◆ WORK INSTRUCTION ◆
Reproduction of part of the material below, pictures omitted: copy exactly, and only, the lines starting with the one with "Расположен в с." and going on through the one with "拉夏贝尔联名女童牛仔短裤夏季薄款2025新款五分中裤儿童夏装裤子".

◆ INPUT ◆
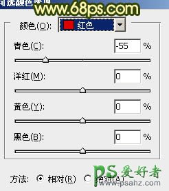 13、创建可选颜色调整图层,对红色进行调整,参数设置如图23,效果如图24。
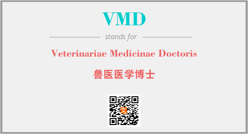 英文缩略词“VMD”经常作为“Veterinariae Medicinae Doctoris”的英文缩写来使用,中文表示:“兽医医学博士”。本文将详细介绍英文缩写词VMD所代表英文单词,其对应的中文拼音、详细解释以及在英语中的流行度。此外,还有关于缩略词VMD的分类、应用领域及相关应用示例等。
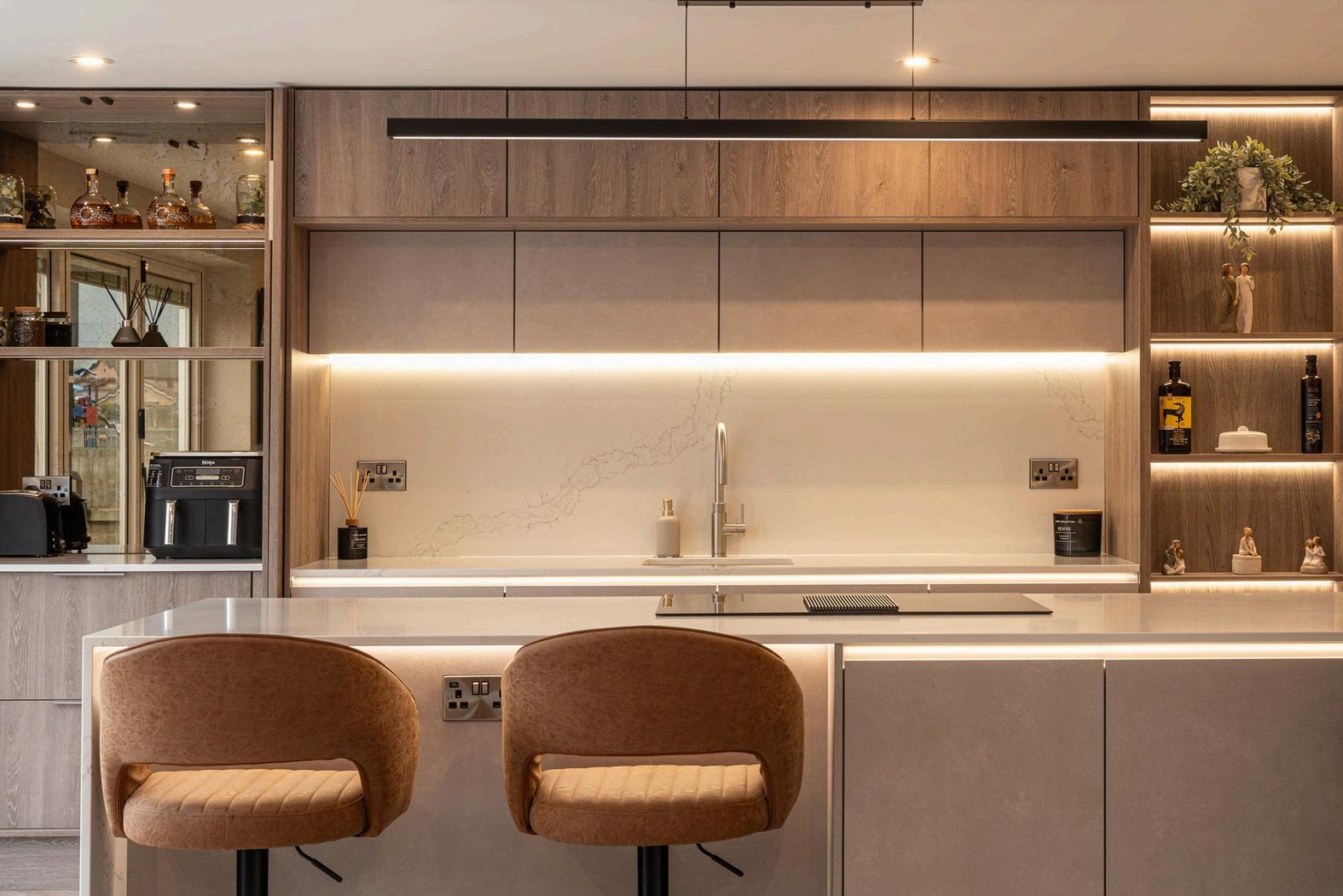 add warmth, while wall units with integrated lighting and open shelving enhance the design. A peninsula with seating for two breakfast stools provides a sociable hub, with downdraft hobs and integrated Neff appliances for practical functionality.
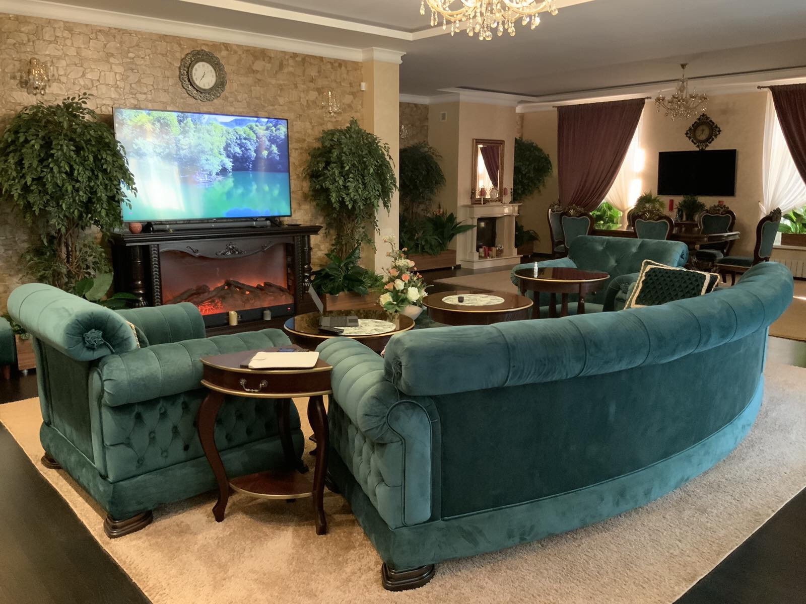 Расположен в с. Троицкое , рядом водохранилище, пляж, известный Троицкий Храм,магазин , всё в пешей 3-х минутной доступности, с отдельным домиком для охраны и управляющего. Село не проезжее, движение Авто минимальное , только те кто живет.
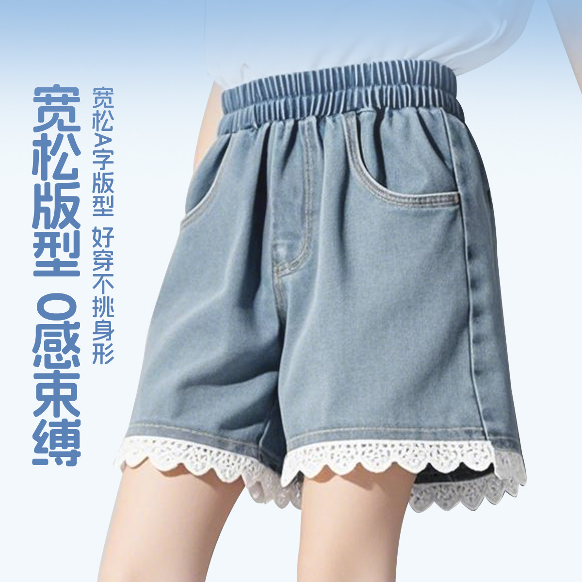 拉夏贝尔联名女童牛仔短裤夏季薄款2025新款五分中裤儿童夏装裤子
==
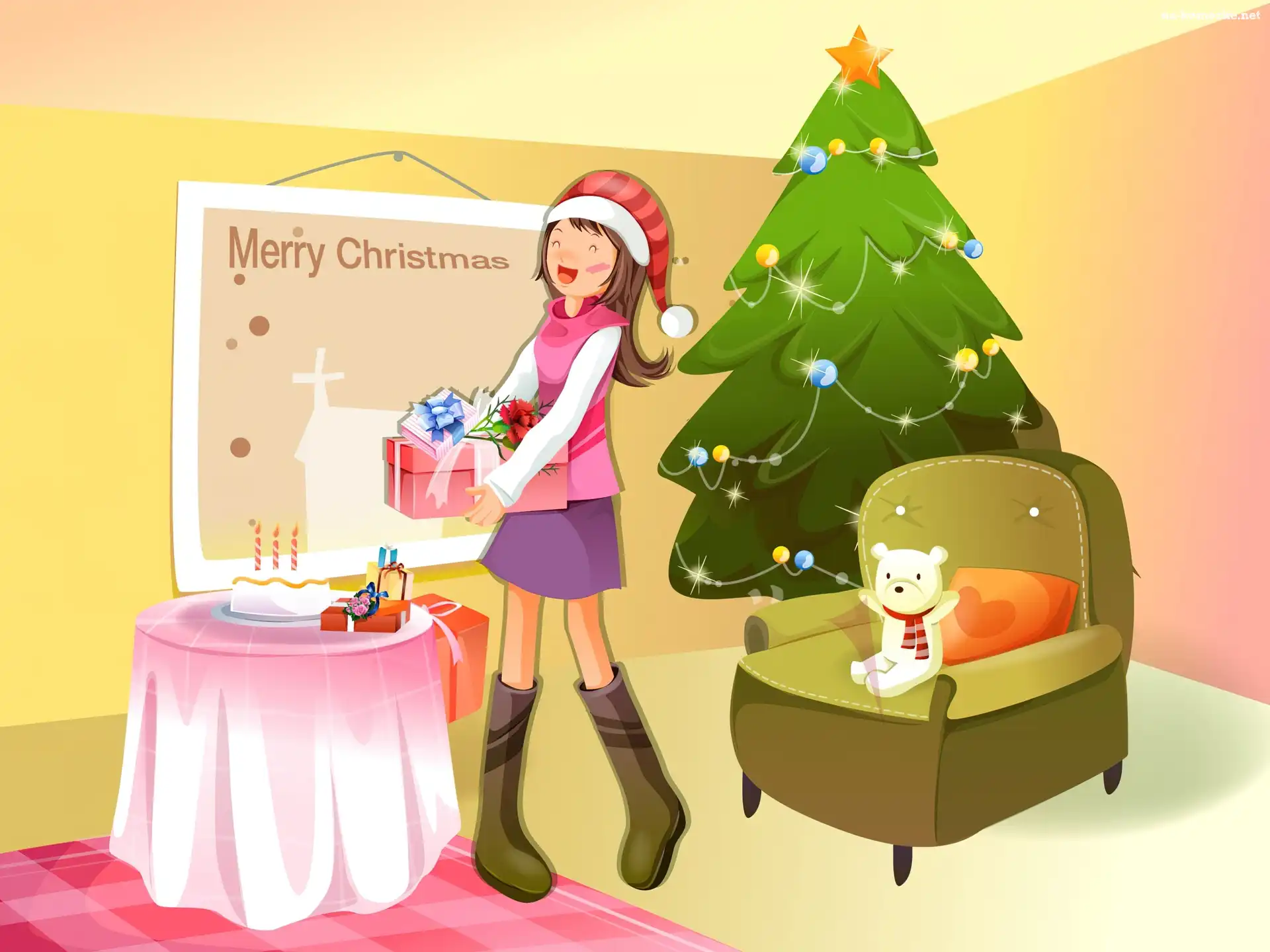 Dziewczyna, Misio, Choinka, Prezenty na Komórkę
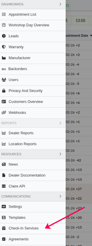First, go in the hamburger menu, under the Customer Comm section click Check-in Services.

◆ RESPONSE TO THIS EXERCISE ◆
 Расположен в с. Троицкое , рядом водохранилище, пляж, известный Троицкий Храм,магазин , всё в пешей 3-х минутной доступности, с отдельным домиком для охраны и управляющего. Село не проезжее, движение Авто минимальное , только те кто живет.
 拉夏贝尔联名女童牛仔短裤夏季薄款2025新款五分中裤儿童夏装裤子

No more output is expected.